Sulla prescrizione conviene essere onesti: i crediti da bolletta si prescrivono di regola in cinque anni e, in presenza di determinati presupposti legati soprattutto a ritardi di fatturazione, nel settore idrico può operare un termine più breve, di due anni. Si tratta però di un’eccezione che non scatta mai in automatico: va sollevata per iscritto dall’utente e verificata caso per caso, guardando alle date di emissione delle fatture e a eventuali atti interruttivi. E poiché qui i consumi contestati sono recenti, è improbabile che questa strada, da sola, salvi i condomini.
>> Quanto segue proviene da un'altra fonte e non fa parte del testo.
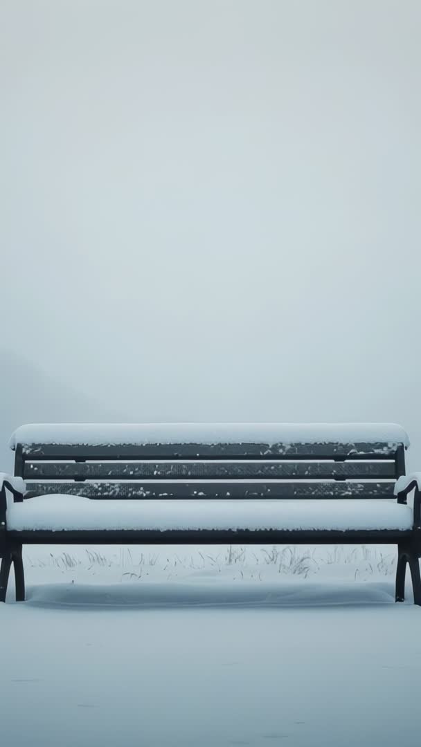 AI Generated Video. Showing solitary slatted park bench layered with fresh snow and light frost, framed by soft fog and muted horizon. Vertical composition placing bench at lower third and leaving broad negative space above for titles, logos, or captions. Snow detailing on seat and backrest adding texture while thin grass blades peek through along ground, creating quiet, minimalist winter mood. Suiting winter campaign background, social media vertical story or reel, cinematic opening shot, seasonal greeting or mindfulness sequence. Working well for overlaying text, logo reveal, lower-third captions, or slow-moving title cards. Advising gentle ambient soundtrack, subtle color grading toward cool tones, and slow pan or static hold to preserve meditative atmosphere.

Il fronte decisivo è quello interno. Occorre convocare l’assemblea e deliberare l’azione di responsabilità verso l’impresa, e se i fatti lo giustificheranno verso gli altri soggetti coinvolti, mettendo subito al sicuro le prove: il contratto d’appalto, le fatture del gestore e i dati dei contatori, le comunicazioni e i documenti che attestano il fermo del cantiere, oltre a una perizia tecnica che dimostri l’inutilità del pompaggio in quel periodo. Per l’azione di responsabilità contrattuale il termine ordinario è di dieci anni, da verificare comunque in base al tipo di azione che si sceglierà: ma muoversi subito significa prove più fresche e maggiore forza negoziale. Vale la pena, infine, verificare le coperture assicurative legate al cantiere.
Cosa si sarebbe dovuto fare per evitare una situazione simile?
Con il senno di poi è facile, ma la sequenza corretta è istruttiva per chiunque abbia un cantiere in casa. Prima di accendere le idrovore: stimare volumi e costi dello scarico e scrivere nero su bianco, nel contratto d’appalto, chi paga quell’acqua. Durante i lavori: monitorare contatori e fatture periodiche, perché un debito da 1,7 milioni non nasce in un giorno, cresce per mesi sotto gli occhi di chi tiene i conti. Alla prima fattura fuori scala: verifica immediata, richiesta di chiarimenti al gestore, diffida all’impresa. E soprattutto, al fermarsi del cantiere: chiedersi se lo svuotamento continuo avesse ancora un senso tecnico e, in caso contrario, spegnere le pompe.
Questa non è solo una vicenda milanese curiosa: è un promemoria per chiunque viva in condominio. Primo: le utenze comuni vanno controllate con la stessa attenzione di quelle di casa propria, perché i contatori non dormono mai. Secondo: ogni condomino ha il diritto di chiedere conto dei consumi e di prendere visione dei documenti di spesa in qualunque momento (articolo 1130-bis del codice civile), e usarlo è il miglior antifurto contro le sorprese. Terzo: un cantiere agevolato non è un cantiere senza responsabili. Il superbonus può coprire i lavori; gli errori, invece, restano a carico di chi li commette. Ed è proprio qui che la legge mette a disposizione gli strumenti per accertare le responsabilità e recuperare quanto possibile.